Отсутствие людей? Напротив, их отдаленное неназойливое присутствие прилетающие из-за окна вперемешку с просеянным листвой березы светом голоса придавало одиночеству приятную окраску. И звукам за окном вовсе не требовалось быть радостными. Нет, лучше, если они не сливались в полуденный шум города, а догорали в розовеющих лучах солнца и в шелест деревьев и постукивание чьих-то шагов по плитам тротуара врывался женский голос - мудрый женский голос (и дело было не в необычности слов, слова, как правило, бывали самые заурядные), звучный голос, которому из сада отвечал голос мальчика, кричащего, что ему еще не пора домой, или притворно хнычущей девочки: ведь еще рано и солнце, хотя уже и коснулось лесных крон, по-прежнему светит над Собором.
Тени за окном густели, движение в садах по обеим сторонам улицы Гротгера замирало. Пан Вежболовский закрывал за собой калитку, железо стукалось о столбик, сетка ограды тихонечко дребезжала; потом, когда он поднимался по бетонным ступенькам к дому Биренштайнов, его тень скользила по белой занавеске в окне веранды, потому что пани Янина, дожидаясь возвращения мужа с шоколадной фабрики "Англяс", уже зажгла лампу, хотя облака потемнели еще только над Вжещем, а небо над парком было подсвечено солнцем. Из окна на втором этаже пани В., упершись локтями в вышитую подушечку, смотрела на детей, которые возвращались с луга около костела цистерцианцев, неся воздушного змея из серой бумаги на перекрещивающихся рейках каркаса: длинный веревочный хвост, украшенный бумажными бантиками, с шуршаньем волочился по земле. В конце улицы под липами сыновья пани С. колотили железным прутом по мостовой, высекая голубоватые искры, но звон железа, ударяющего по гранитным и кремневым булыжникам, теперь никого не раздражал (в полдень было бы иначе), ведь даже пан Длушневский, поливавший левкои и георгины из большой жестяной лейки, если и восклицал время от времени: "Дали бы наконец покой!", возмущался не слишком громко, больше для порядка, нежели из желания прервать игру, которая - в чем можно было не сомневаться - в детстве и ему доставляла немалую радость.

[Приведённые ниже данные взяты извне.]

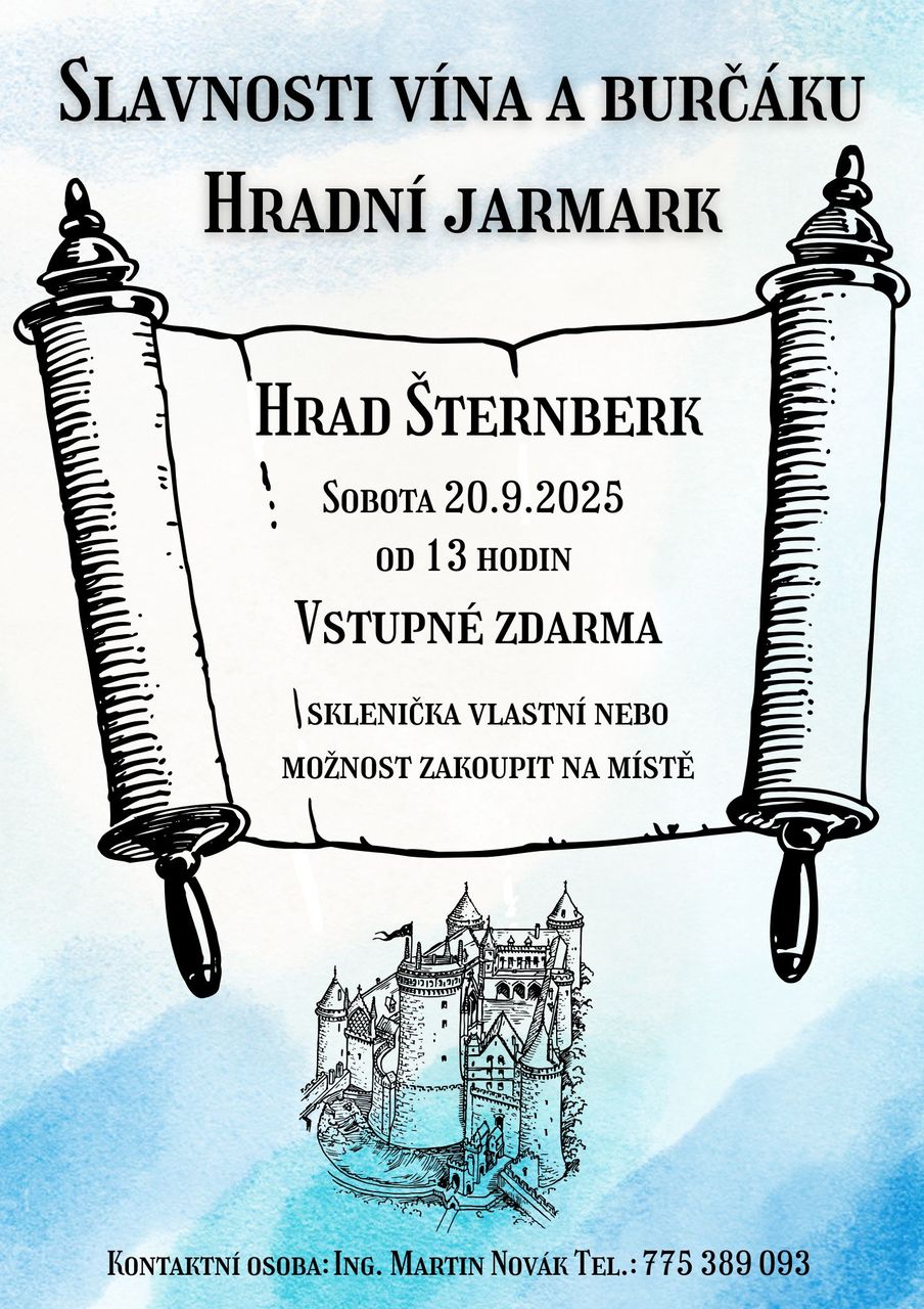 Slavnosti vína a burčáku spojené s jarmarkem a to vše třetí zářijovou sobotu na hradě Šternberk. Budeme se těšit na všechny, kteří si budou chtít užít sobotní odpoledne u skleničky vína, kelímku pravého moravského burčáku přímo z rukou předních vinařství nebo si zakoupit něco na hradním jarmarku.
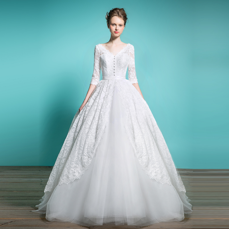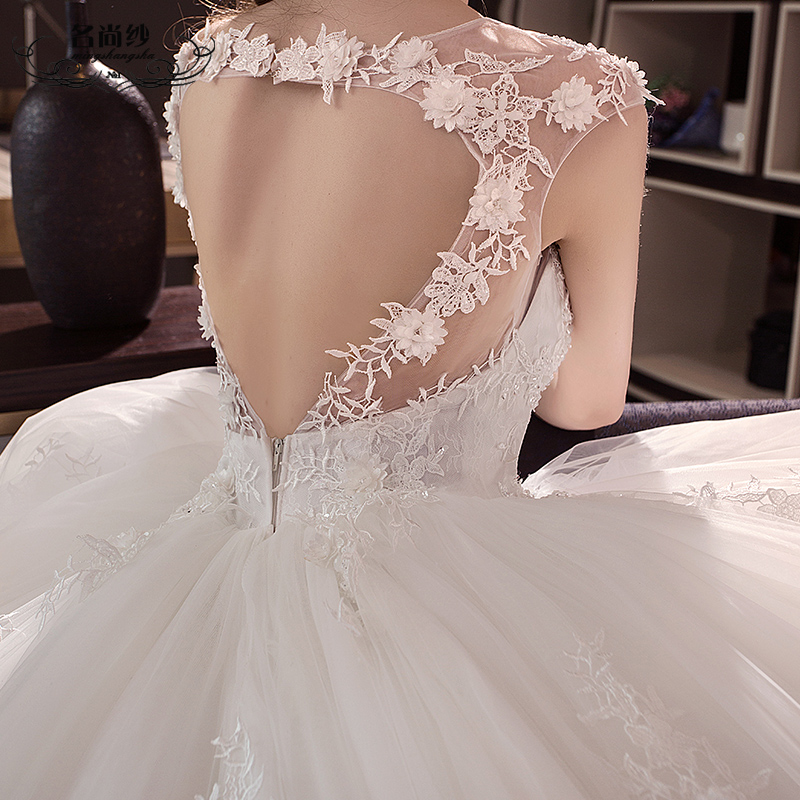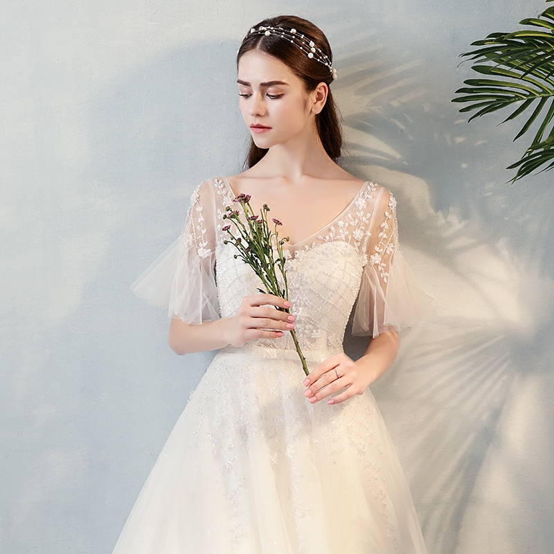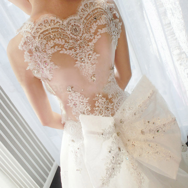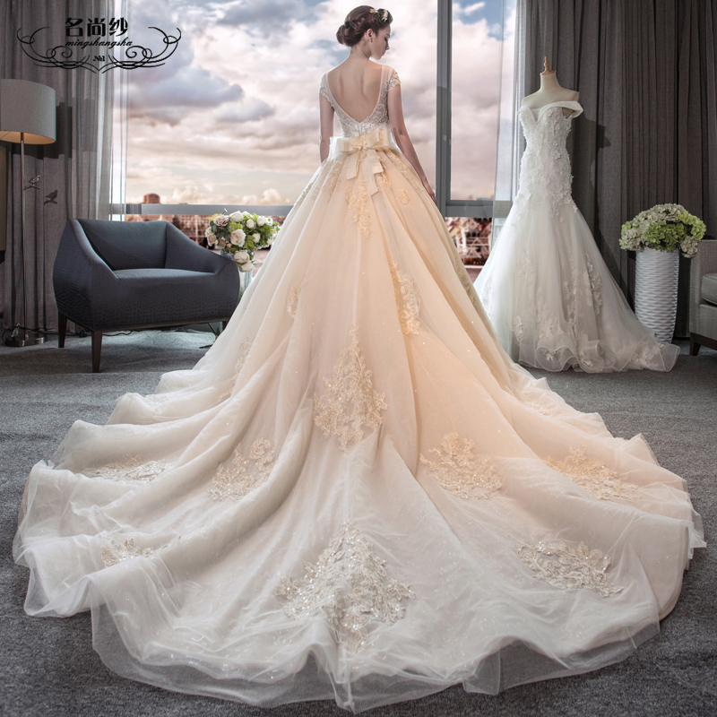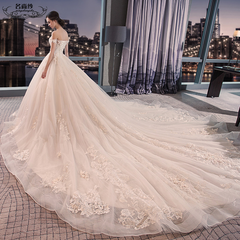 奢华钉珠大拖尾 宫廷公主风 显瘦一字肩
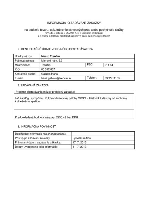 tlač katalógu sympózia kultúrno historickej prílohy OKNO Historické kláštory od záchrany k dnešnému využitiu
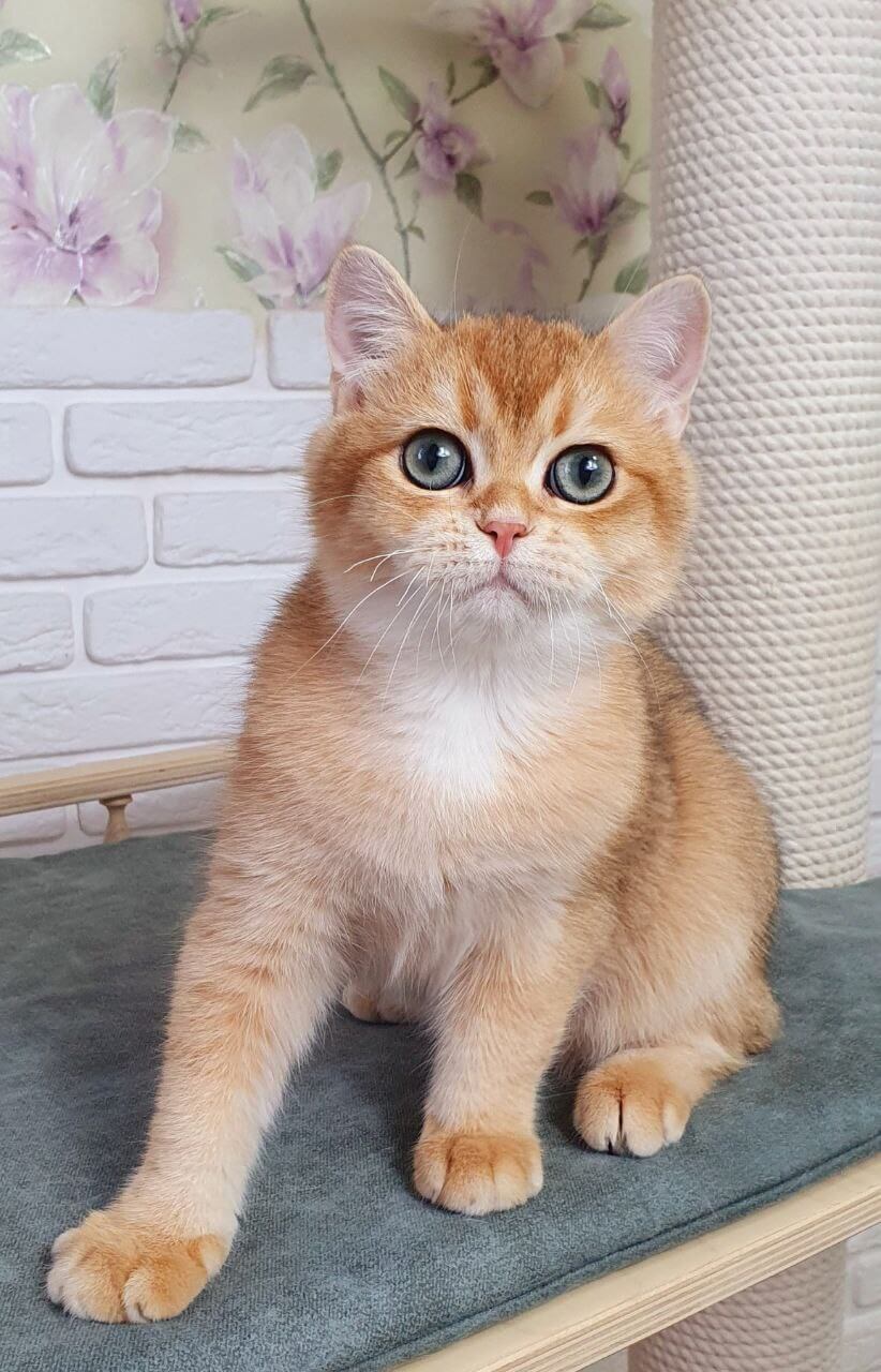 Meet Rokki — a golden dream wrapped in plush velvet. This irresistible British Shorthair boy will melt your heart the moment his sparkling green eyes find yours. Imagine little Rokki, with his shimmering black golden shell coat, nestled on your lap, purring softly and gazing up with pure devotion.
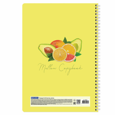 Тетрадь А4, 80 л., BRAUBERG, гребень, клетка, обложка картон, "Фрукты", 404051
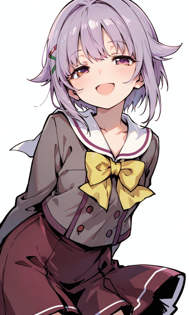 koshimizu sachiko, smile,open mouth, school uniform, cowboy shot,simplebackground,white background, masterpiece,high quality, high resolution
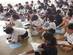 今日は4年生が「共に生きる」をテーマに、聴覚障害の視点から学習を行いました。市内から濱本ご夫妻をお招きし、聴覚障害や、コミュニケーションで努力をされたこと、様々な思いについてお話を伺いました。また、手話についても教えていただきました。市社会福祉協議会、要約筆記のみなさんにもお世話になり、貴重な学びの場となりましたことを感謝いたします。ありがとうございました。
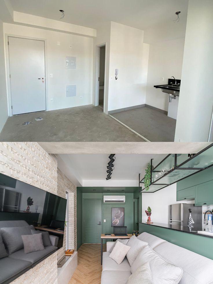Montagem mostrando antes e depois de um mesmo espaço com diferentes paletas – Projeto de CAE Arquitetura e Interiores – Pinterest
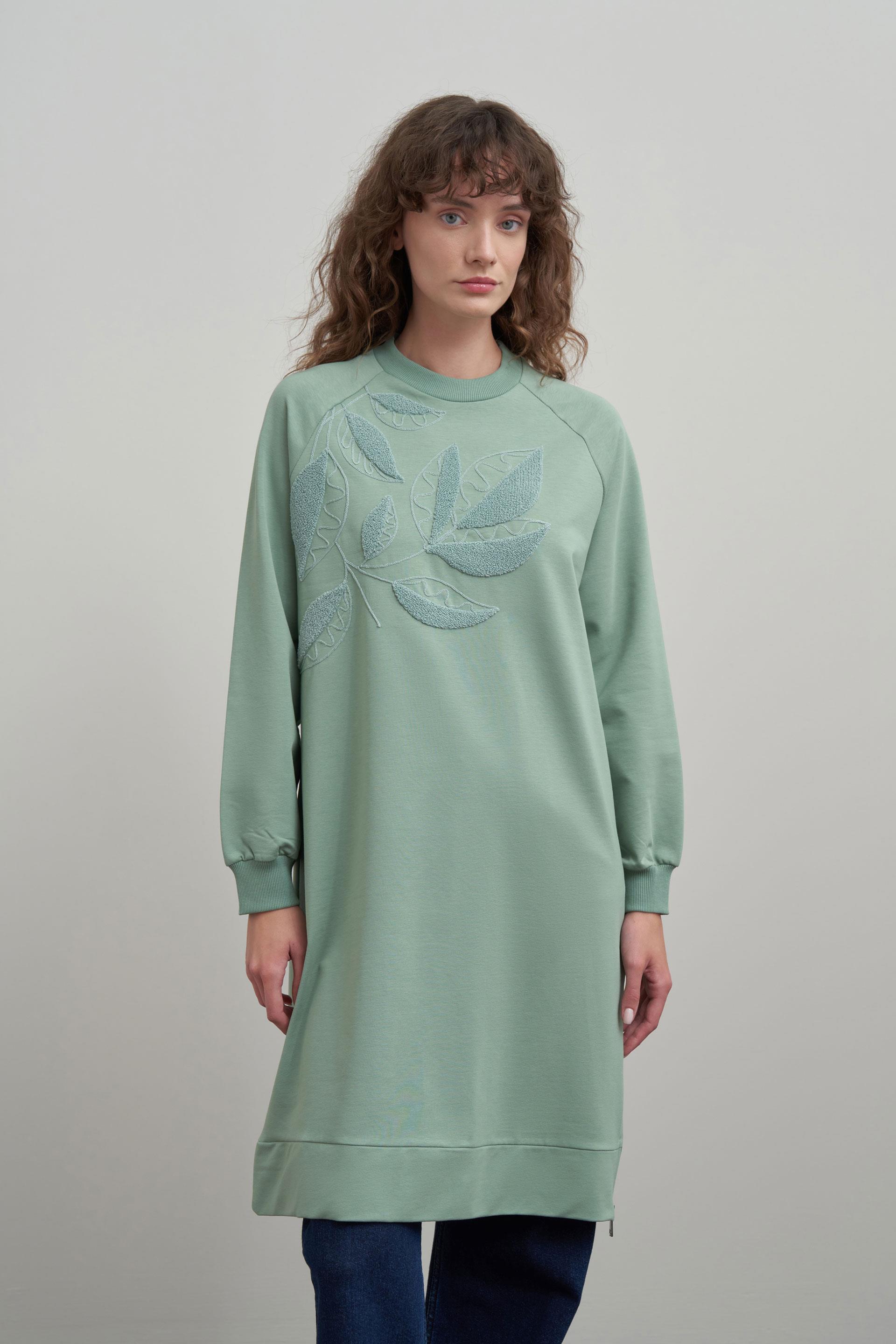 Defne-Pamuklu Yaprak Desenli Tunik
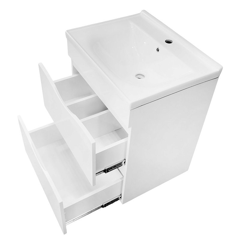 —Комплект Тумба Loranto Santorini 60 610х460х810 напольная, с раковиной MONTE Neo 60, Белый Глянец (CS00105567)
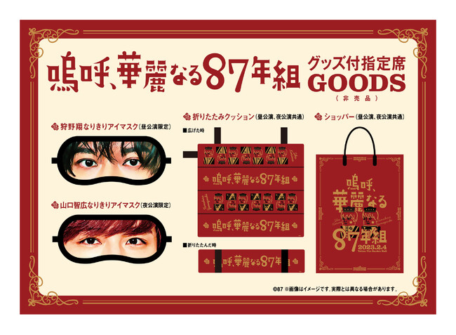 2023年2月4日(土)東京都・恵比寿ザ・ガーデンホールにて開催する声優の狩野翔と山口智広によるイベント「嗚呼、華麗なる87年組」のグッズ付指定席特典内容が解禁。また、狩野が12月18日(日)、山口が12月26日(月)に誕生日を迎えることに因んだ“華麗なるバースデー先行”の受付を、12月15日(木)より開始する。

Иногда, впрочем, прошлое возвращалось, и на месте пана Длушневского, поливающего цветы из большой жестяной лейки, Ханеман видел Эмму Биренштайн в длинном присборенном платье, причесанную как Рут Вайер в "Тайниках души" Пабста, срезающую тонким серебряным ножиком светлые гладиолусы, а в окне, из которого теперь выглядывала пани В., - Розу Шульц в бежевой чалме, в шелковой светло-зеленой блузке, несущую на чердак корзину со свежевыстиранным бельем. Однако горечи при этом он не испытывал. В чужеродности людей, заселивших дома между трамвайной линией и буковыми холмами (а люди эти действительно были ему чужими), было что-то умиротворяющее, заглушавшее тревогу в сердце. В минуты, когда на верандах и в садах замирали слова и жесты, когда хотелось остановиться на дорожке и, прикрыв глаза ладонью, смотреть на большое красное солнце над лесом позади Собора, в минуты, когда ослабевала ненасытная жажда жизни и ненависть уступала место уверенности, что ничто не нарушит сна, - в такие минуты все у него внутри тихо оседало, точно тонкие слои пепла.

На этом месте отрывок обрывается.